Entries supplied
● ● ● ●

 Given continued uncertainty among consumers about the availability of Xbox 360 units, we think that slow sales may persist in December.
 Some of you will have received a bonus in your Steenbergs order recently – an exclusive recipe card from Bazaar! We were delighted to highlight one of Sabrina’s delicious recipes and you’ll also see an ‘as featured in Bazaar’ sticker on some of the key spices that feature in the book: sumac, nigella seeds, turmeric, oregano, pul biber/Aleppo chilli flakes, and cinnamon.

● ● ● ●

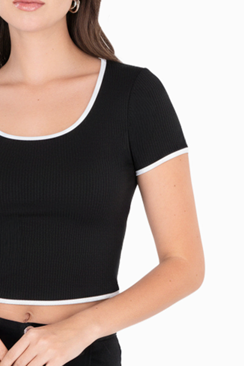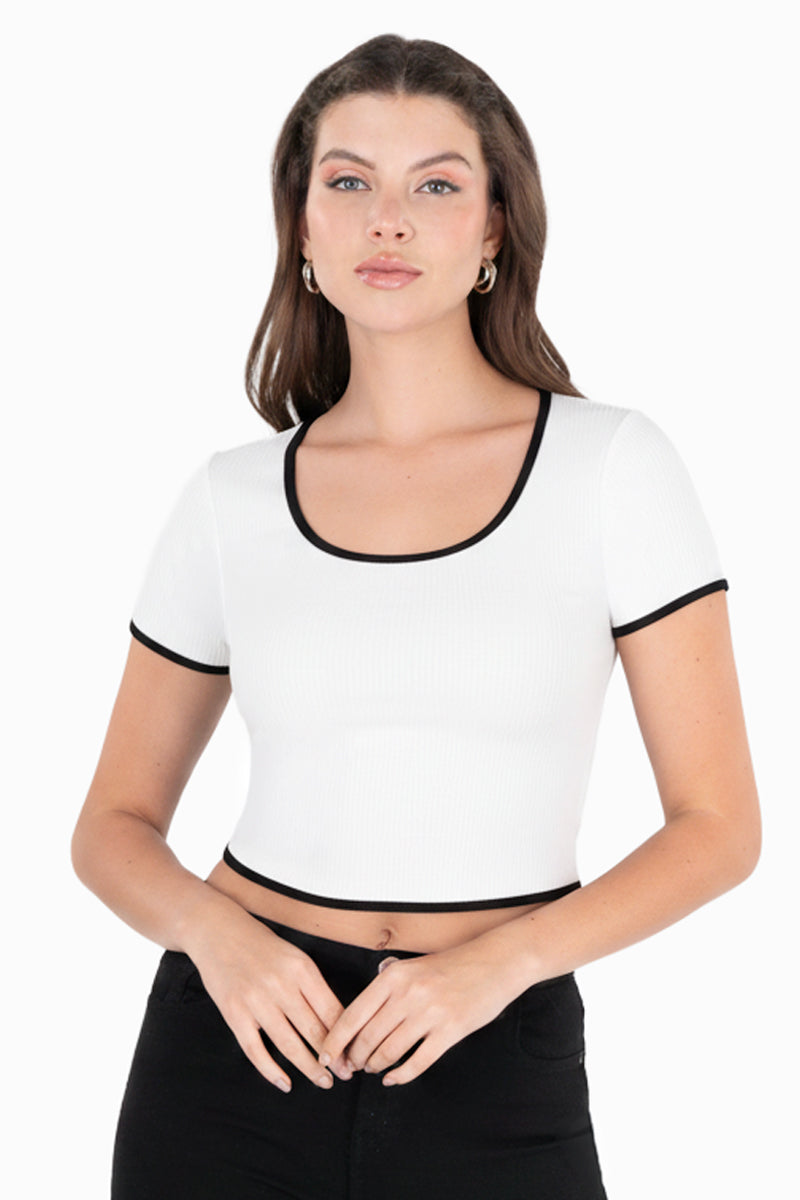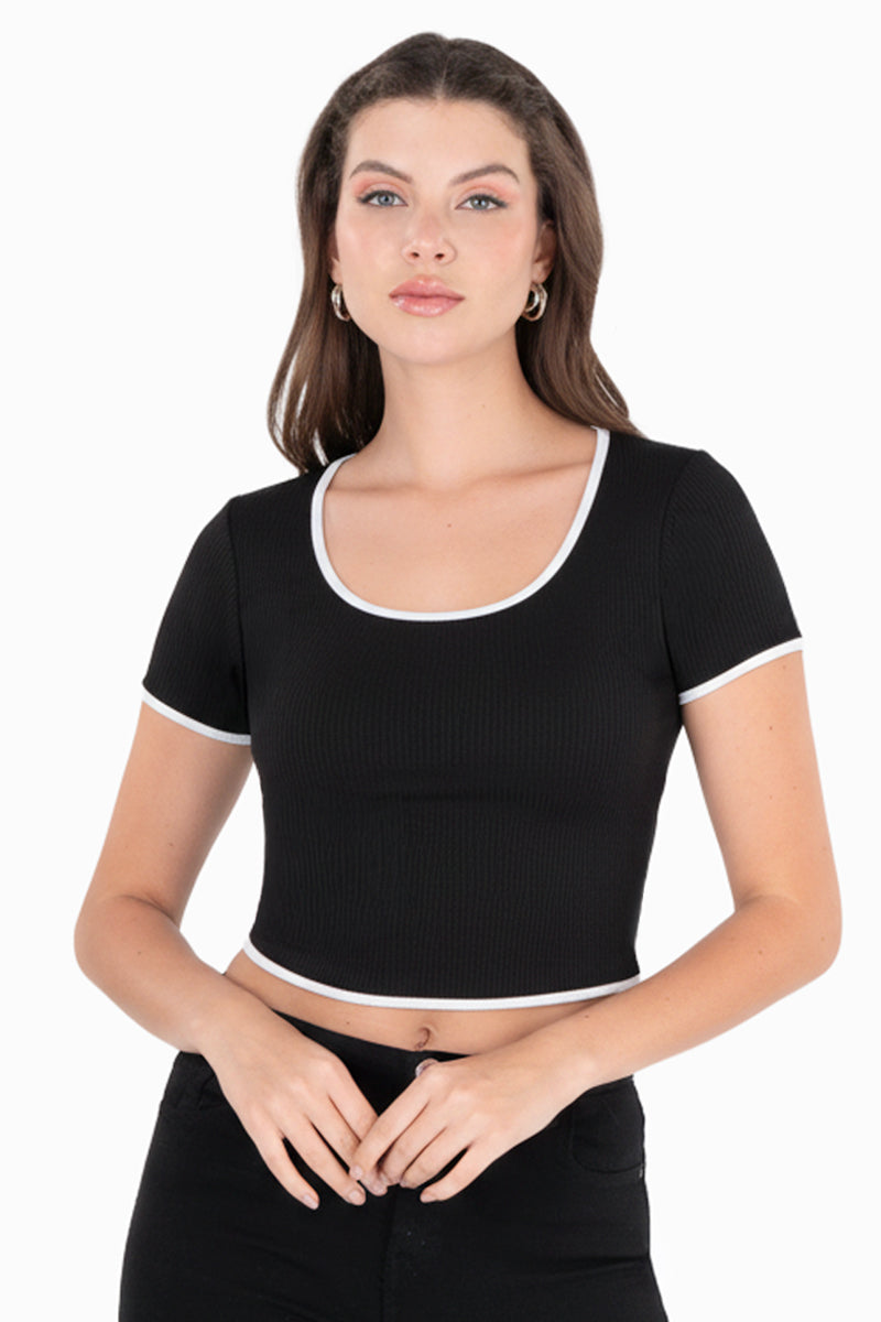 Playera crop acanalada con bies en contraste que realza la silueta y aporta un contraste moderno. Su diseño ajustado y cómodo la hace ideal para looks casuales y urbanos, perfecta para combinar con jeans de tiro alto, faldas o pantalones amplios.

● ● ● ●

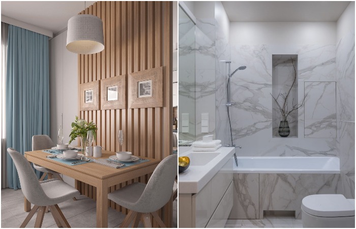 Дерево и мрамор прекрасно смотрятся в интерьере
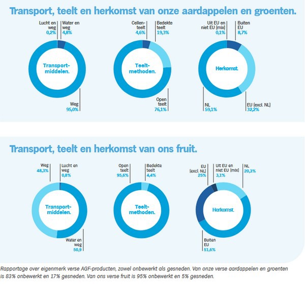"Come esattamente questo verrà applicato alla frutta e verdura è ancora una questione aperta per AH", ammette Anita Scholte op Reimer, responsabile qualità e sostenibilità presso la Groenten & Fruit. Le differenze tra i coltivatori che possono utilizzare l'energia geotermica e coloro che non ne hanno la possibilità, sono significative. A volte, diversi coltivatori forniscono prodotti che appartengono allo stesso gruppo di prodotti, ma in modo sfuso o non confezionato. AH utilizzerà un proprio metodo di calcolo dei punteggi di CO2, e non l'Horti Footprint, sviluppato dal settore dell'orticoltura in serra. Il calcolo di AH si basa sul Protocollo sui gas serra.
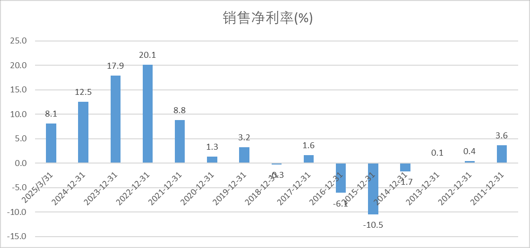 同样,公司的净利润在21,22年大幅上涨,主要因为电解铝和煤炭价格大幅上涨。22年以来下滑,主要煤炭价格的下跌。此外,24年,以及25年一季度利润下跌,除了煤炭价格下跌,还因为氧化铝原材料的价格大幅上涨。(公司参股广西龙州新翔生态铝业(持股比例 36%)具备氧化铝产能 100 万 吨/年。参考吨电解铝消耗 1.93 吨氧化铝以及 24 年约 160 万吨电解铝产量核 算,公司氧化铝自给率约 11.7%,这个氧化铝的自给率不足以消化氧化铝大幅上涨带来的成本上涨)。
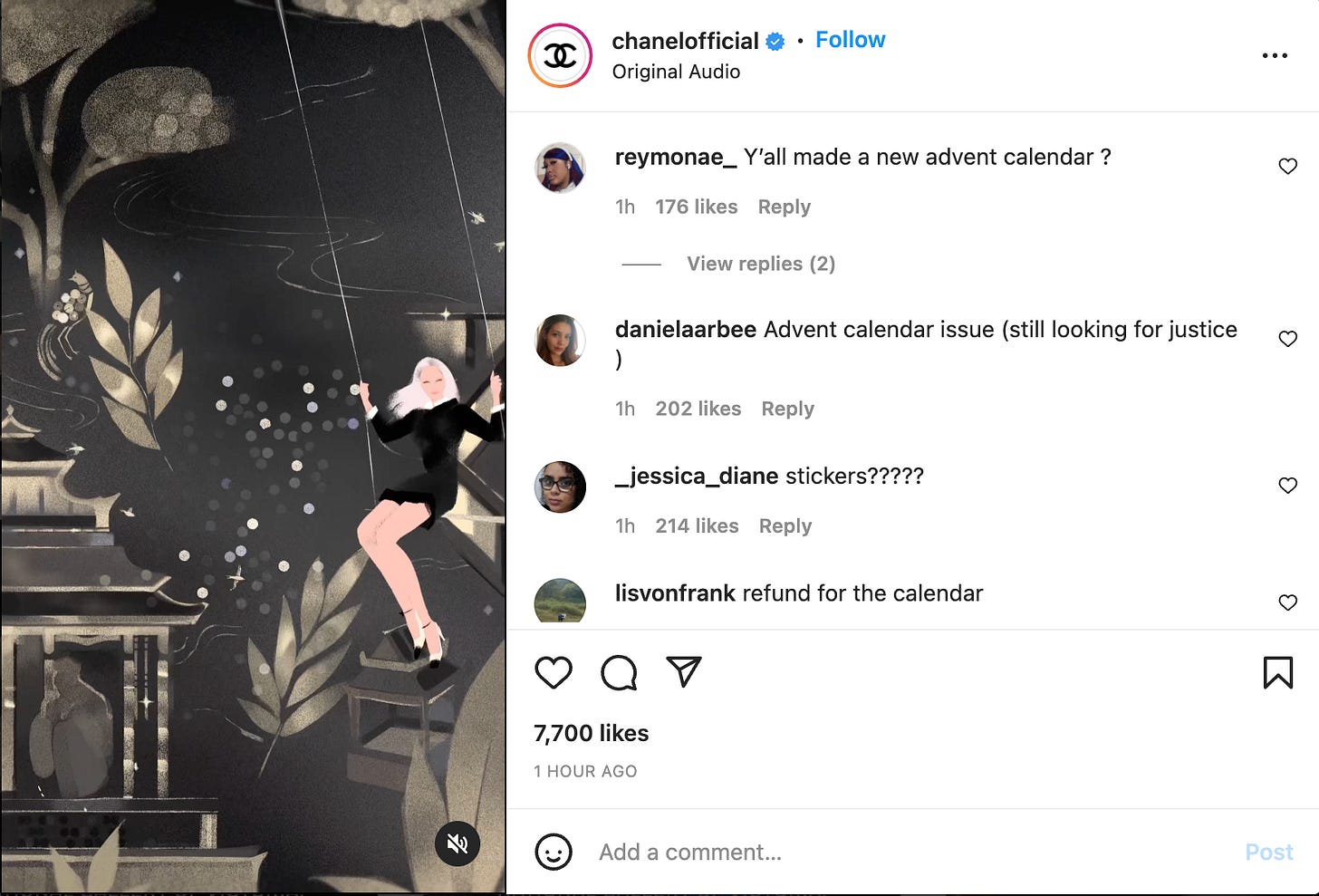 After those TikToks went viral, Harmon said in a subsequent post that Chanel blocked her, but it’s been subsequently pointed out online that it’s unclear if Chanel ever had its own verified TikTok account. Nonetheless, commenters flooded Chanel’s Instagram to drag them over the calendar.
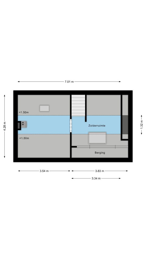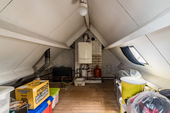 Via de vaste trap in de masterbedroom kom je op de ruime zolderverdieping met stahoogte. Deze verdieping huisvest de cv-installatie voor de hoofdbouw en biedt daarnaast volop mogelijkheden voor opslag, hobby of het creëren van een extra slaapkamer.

● ● ● ●

Exercise description
Copy exactly the part of the material above that opens with the line containing "万吨电解铝产量核 算,公司氧化铝自给率约 11.7%,这个氧化铝的自给率不足以消化氧化铝大幅上涨带来的成本上涨)。" and closes with the line containing "Via de vaste", ends included. Drop the images.

Completed exercise
 同样,公司的净利润在21,22年大幅上涨,主要因为电解铝和煤炭价格大幅上涨。22年以来下滑,主要煤炭价格的下跌。此外,24年,以及25年一季度利润下跌,除了煤炭价格下跌,还因为氧化铝原材料的价格大幅上涨。(公司参股广西龙州新翔生态铝业(持股比例 36%)具备氧化铝产能 100 万 吨/年。参考吨电解铝消耗 1.93 吨氧化铝以及 24 年约 160 万吨电解铝产量核 算,公司氧化铝自给率约 11.7%,这个氧化铝的自给率不足以消化氧化铝大幅上涨带来的成本上涨)。
 After those TikToks went viral, Harmon said in a subsequent post that Chanel blocked her, but it’s been subsequently pointed out online that it’s unclear if Chanel ever had its own verified TikTok account. Nonetheless, commenters flooded Chanel’s Instagram to drag them over the calendar.
 Via de vaste trap in de masterbedroom kom je op de ruime zolderverdieping met stahoogte. Deze verdieping huisvest de cv-installatie voor de hoofdbouw en biedt daarnaast volop mogelijkheden voor opslag, hobby of het creëren van een extra slaapkamer.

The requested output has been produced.